Резко прозвучал телефонный звонок. Щенников слушал не то удивленно, не то испуганно.

- Слушаюсь, - сказал он, - пусть приведут.

- Звонил Вишневецкий, - пояснил Щенников, - дело Артемова передается мне. Его сейчас приведут сюда. Пожалуй, отправлю вас в камеру…

- В какую камеру? - вскричала я. - А то вы не знаете, что я часами простаиваю в ледяном колодце. Оставьте меня хоть здесь пока. И притом мне надо поговорить с вами.

- О чем? Долго?

- Не долго. Можно при Артемове, у меня секретов с вами не может быть.

Ввели Артемова. Меня пересадили на диван, Шуру - на мое место.

- Вы сами попросились ко мне? - спросил Щенников. - Расскажите. Можете звать меня, как и прежде, на ты.

- Я буду соблюдать субординацию, не беспокойтесь. Вышло так. Сегодня с утра я попросился к начальнику тюрьмы. Он меня знает и чуть не заплакал при виде моего лица. Я умолял его связать меня немедленно по телефону с Вишневецким, который приходит на службу рано. Тот сразу дозвонился и просил у Вишневецкого разрешения передать мне трубку. Тот разрешил. Я ему рассказал, что согласен подписать всю эту хреновину в любой день, если меня передадут Щенникову. Вишневецкий обещал всё выполнить, но сказал, что вечером примет меня сначала сам. А пока он послал ко мне врача… Повторяю, я подпишу, когда вы хотите, но не надо сегодня, а то та тварь скажет, что это именно он выбил из меня признание.

"Так оно и есть", - подумала я.

- Хорошо, Саша, - согласился Щенников и обратился ко мне: - О чем вы хотели поговорить?

- Александр Данилович, скажите мне, но только правду. У меня будет настоящий суд или заочный, в виде пресловутой тройки?

- Самый настоящий суд. Выездная Военная коллегия Верховного суда, - заверил меня Щенников. Я вопросительно взглянула на Артемова.

- В данном случае ему можно верить, он, когда дает слово, не лжет.

- Правда, Александр Данилович?

- Честное слово!

- Хорошо. Тогда я… подпишу… Но знайте, что на суде я расскажу, почему я подписала, как мне девять суток не давали спать. Я действительно больше не могу выдержать этой пытки.
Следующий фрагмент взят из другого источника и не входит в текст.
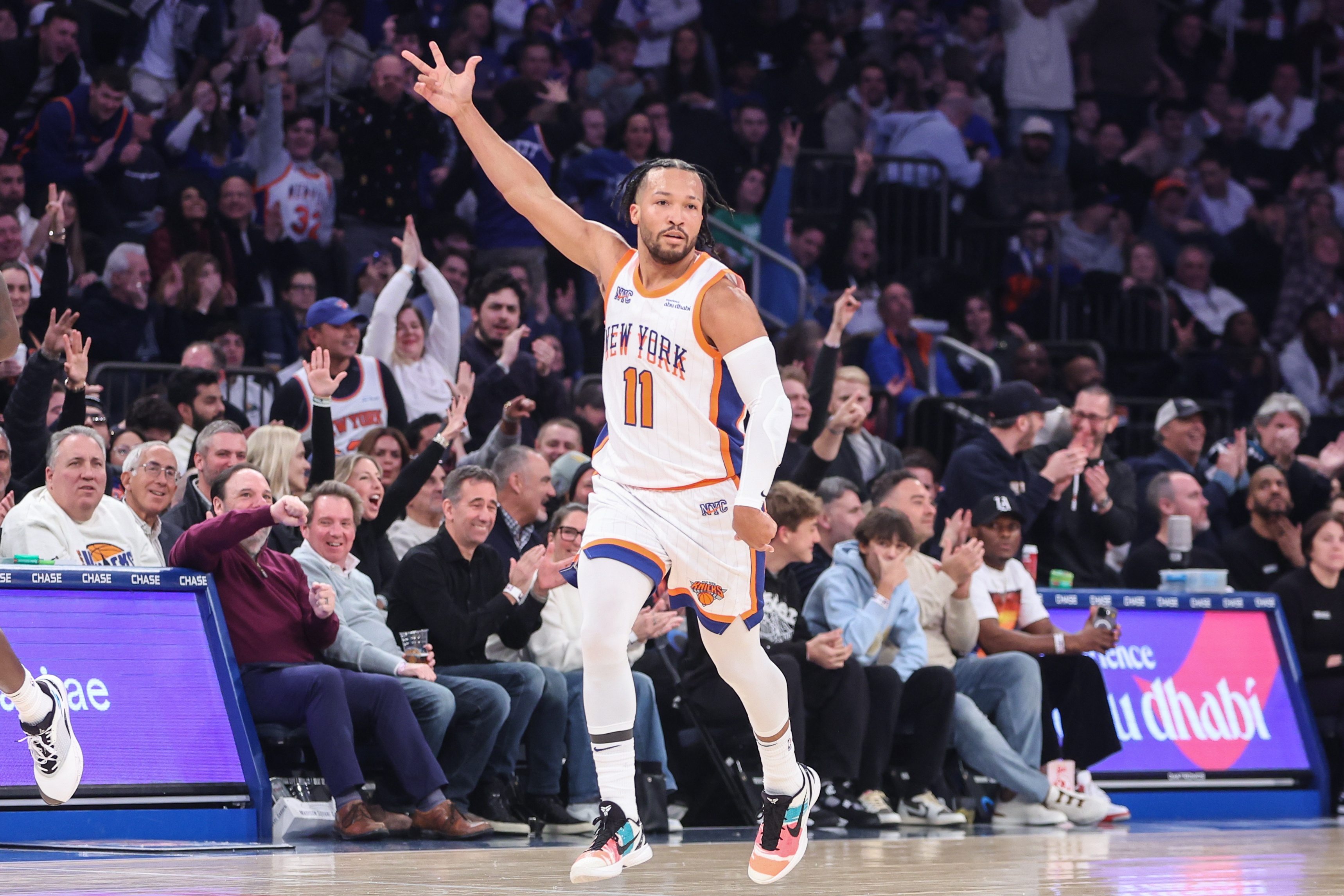 布倫森崴腳傷退無疑是比賽的轉(zhuǎn)折點(diǎn),唐斯面對(duì)湖人小個(gè)糾纏無法背身要球,尼克斯只能指望麥克布萊德干拔強(qiáng)投賭一錘子買賣,海斯和老詹接連造殺傷有驚無險(xiǎn)收下了比賽。

Щенников положил передо мной протокол - страниц шесть или семь, - и я четко и разборчиво вывела внизу каждой страницы свою фамилию. И тут же, повинуясь притягательной силе потемневшего взгляда Сашиных глаз, повернулась к Артемову. Он смотрел на меня не то с гневом, не то с какой-то печалью.

- Валентина Михайловна сейчас как птица, у которой отрезали крылья, - сказал он горько. - Да, птица с отрезанными крыльями. Уже не полетишь.

- Сравнение неверно, - возразила я, - ведь я человек, а не птица. Крылья человека - это его душа, его личность, и этого никто не может отнять, никакая на свете тюрьма, если он сам не отдаст свою душу, свое "я". А я никогда не перестану быть сама собой, поверь мне, Саша.

- Верю, - проговорил он.

Прощаясь, я поцеловала Артемова, а сияющий Щенников пожал мне руку.

Видела я его еще только раз, в день моего суда, 24 января 1938 года.

Судила меня Военная коллегия Верховного суда СССР под председательством армвоенюриста В. Ульриха.

Судили в этот день руководителей обкома партии, обкома комсомола, секретаря горисполкома, редактора областной газеты и тому подобных. И нашу группу писателей. Вводили всех по одному. Меня привезли накануне в десять вечера, но судили в половине пятого, в конце другого дня.

Щенников вошел - высокий, красивый, ухоженный, благоухающий дорогим одеколоном.

Мне сразу бросились в глаза его нашивки. Что-то было не так. Он это заметил и бросил небрежно: повысили в звании, майор теперь. "Не за наше ли "дело" его повысили?" - подумала я.

Щенников стал очень красноречиво убеждать меня признать себя на суде виновной, что это облегчит мою участь, и, конечно, ни в коем случае не говорить о том, что мне не давали спать. Кроме раздражения, это ничего не вызовет.

Не подействовало. Я все рассказала товарищу Ульриху.